Pajak E-Commerce Tak Bisa Asal Tarik: Pakar Minta Pemerintah Bangun Sistem yang Inklusif

6 hours ago 5

Liputan6.com, Jakarta - Pemerintah Indonesia tengah menyiapkan kebijakan pajak baru bagi pelaku e-commerce. Kebijakan ini disebut bisa meningkatkan penerimaan negara serta menciptakan keseteraan perlakuan antara toko online dan offline.

Regulasi baru ini diperkirakan akan berdampak langsung pada sejumlah platform besar seperti TikTok Shop, Tokopedia, Shopee, Lazada, Blibli, dan Bukalapak.

Namun menurut Ekonom dan Pakar Kebijakan Publik dari UPN Veteran Jakarta, Achmad Nur Hidayat, penerapan pajak digital tidak boleh sekadar mengejar pemasukan.

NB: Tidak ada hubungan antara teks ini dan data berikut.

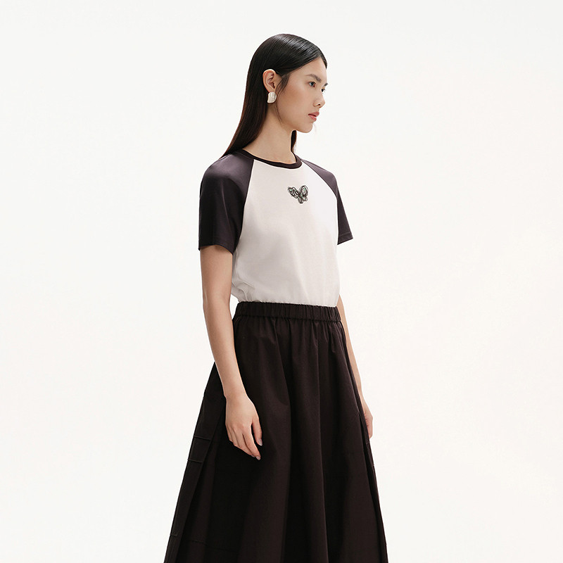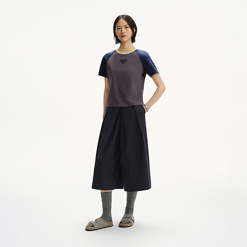 撞色圆领短袖 播奥莱 播商场同款 上衣BDS2YD2516 T恤女25夏美式

“Pajak e-commerce bukan hanya soal memungut lebih banyak dari yang sedang berkembang,” kata Achmad ditulis Sabtu, (28/6/2025).

Ia menegaskan bahwa pajak harus menjadi alat pemerataan, bukan hanya alat pemungutan, yakni menciptakan kesetaraan fiskal antara yang konvensional dan digital, antara yang besar dan kecil, antara yang lokal dan global.

“Pajak harus menjadi instrumen pemerataan, bukan sekadar pemasukan,” ujarnya.

Di sisi lain ia juga mengingatkan, Indonesia saat ini berada di persimpangan jalan. Pemerintah bisa memilih jalur yang represif, memaksa tanpa kesiapan, atau mengambil langkah cerdas membangun sistem perpajakan digital yang inklusif, transparan, dan berbasis pada kepercayaan masyarakat.

Perbandingan dengan negara lain

Achmad menyebut, bahwa Indonesia tidak sendiri. Hampir seluruh negara di dunia tengah mencari cara untuk menyesuaikan sistem pajak mereka dengan ekosistem digital yang terus berkembang pesat.

Kata Achmad, beragam model telah dicoba oleh negara lain. India misalnya, mewajibkan platform seperti Amazon dan Flipkart untuk memotong 1% omzet penjual sebagai Tax Collected at Source (TCS). Di Uni Eropa, platform diposisikan sebagai “penjual semu” yang menarik Pajak Pertambahan Nilai (VAT) atas semua barang impor bernilai di bawah €150.

Di Kenya, model yang dipilih adalah mengenakan pajak langsung sebesar 3% atas seluruh pendapatan digital kepada perusahaan teknologi global.

Sementara itu, China lebih memilih pendekatan berbasis data mereka mewajibkan platform melaporkan transaksi penjual secara real-time, yang kemudian dicocokkan menggunakan sistem e-faktur dan big data.

Perlu Kesiapan Ekosistem Pajak Digital yang Matang

Lebih lanjut, Achmad mengingatkan bahwa tidak semua negara bisa menerapkan pendekatan agresif dalam pajak digital, terutama negara berkembang seperti Indonesia. Perbedaan kesiapan infrastruktur dan tingkat literasi pajak harus menjadi perhatian utama.

“Tugas kita adalah membangun sistem yang membuat patuh itu mudah, bukan menakutkan. Pajak yang adil bukan hanya soal tarif, tapi soal tata kelola yang menjangkau, merangkul, dan mengajak pelaku digital untuk turut serta membangun negeri,” ujarnya.

Menurutnya, hal itu bisa berujung pada kekacauan fiskal, membebani pelaku usaha kecil dan menengah, serta memicu penghindaran pajak secara masif.